To be honest, it kind of bugged me.

The only man’s kid I would ever be had died when I was on a mission on the other side of the world, so it chafed a bit that someone thought they could parent me—or that I needed it—at this late juncture. But I kept my mouth shut since I liked my boss and the guys I worked with. As I hadn’t thought I’d ever have that again after leaving the Navy, I didn’t want to screw up and have to start over somewhere else. Though being late, and not a hundred percent sober, for a morning meeting was not doing me any favors.

“Someone better speak the fuck up,” I warned everyone in general, sounding even surlier than I felt.

“We rock, paper, scissored for this,” Shaw James said irritably from his desk across from Croy Esca, who appeared absorbed with whatever was on his monitor, doing his damnedest to avoid looking me in the eye.

“Coop!” I called out.

The man who sat across from me, who also happened to be the guy I was closest to at the firm, Cooper Davis, snickered, and I turned my head to give him my attention.

“Speak,” I commanded.

He winced like he was about to tell me I was dying. “This is why I’ve told you a million times not to be late.”

“Yeah, I know, but just spit it the fuck out.”

He sighed deeply, then tipped his head and stared at my desk. Following his line of vision, I noticed the dossier sitting in the middle of the clutter in front of me. It had a Post-it note with my name on it.

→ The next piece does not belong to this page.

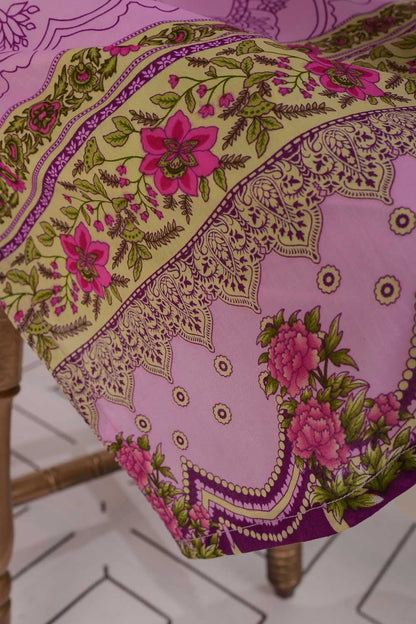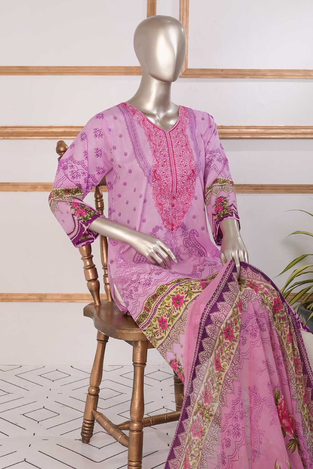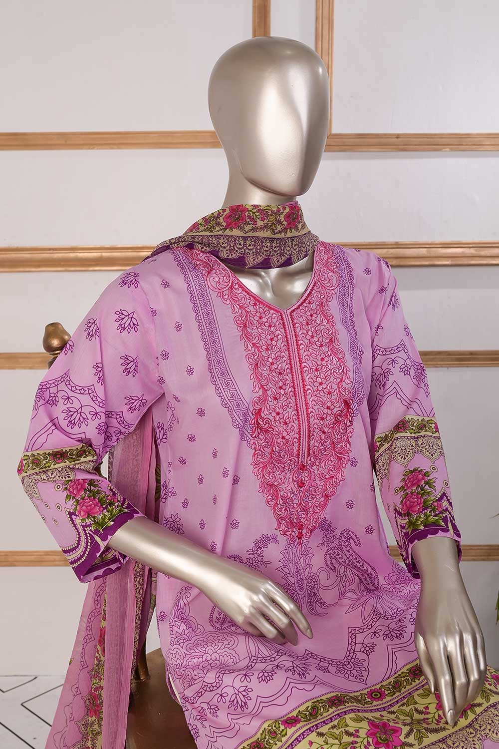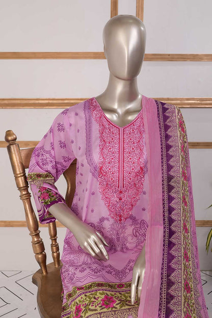 3 Pc Unstitched Embroidered Lawn Dress with Chiffon Printed Dupatta
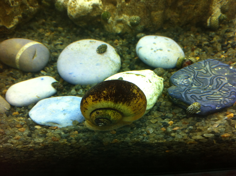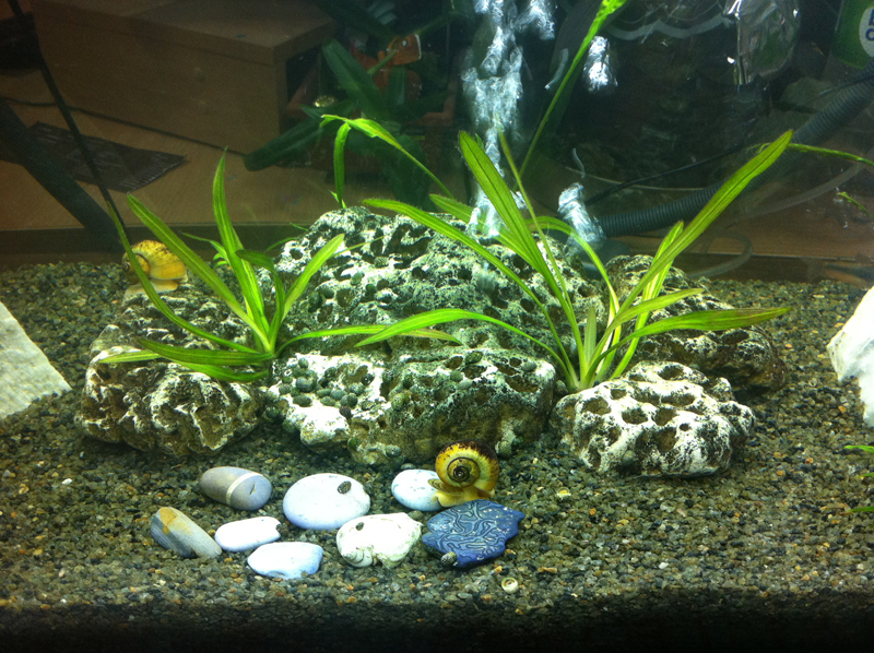Запустил на работе банку в 110л и, о, удача, бывший хозяин банка имел камни обросшие в хлам. И таких же улиток.

After flipping open the folder, I read the first line that told me the location of the job. Fuck. Short straw was right. “Montana,” I gasped, my head snapping up, my eyes meeting the deep blue ones of my friend.

His chuckle as he shook his head sucked all the air out of my lungs for a moment before I recovered and my brain kicked in. Every now and then, I noticed that the wavy brown hair that fell almost to my buddy’s shoulders and the mustache and heavy stubble that passed for a beard were really fucking sexy on him. He looked like one of those undercover cops in a bad seventies police drama, but on him, it worked.

“Why aren’t you going?” I asked, recovering, because as hot as the man was, he was not for me. I’d made a different decision the second I walked into the office for my interview. I looked out across the room, he glanced up at the same time, and bam, that was it, lust at first sight. I had gravitated to Cooper at a more normal pace, and he to me, bonding over hockey and dive bars and horror movies. There were also the occasional nights out spent eating great food at the best restaurants in the city. Those were my favorite. Of course they had been few and far between lately, as he’d gotten serious about a guy only to have it unravel in spectacular fashion. A guy who didn’t want to meet your mother was bad news. “I thought you were all about being out of town,” I ventured, not adding the last part that only I knew. Cooper had been ducking his ex since May, so perhaps running off to a different state was a no-brainer.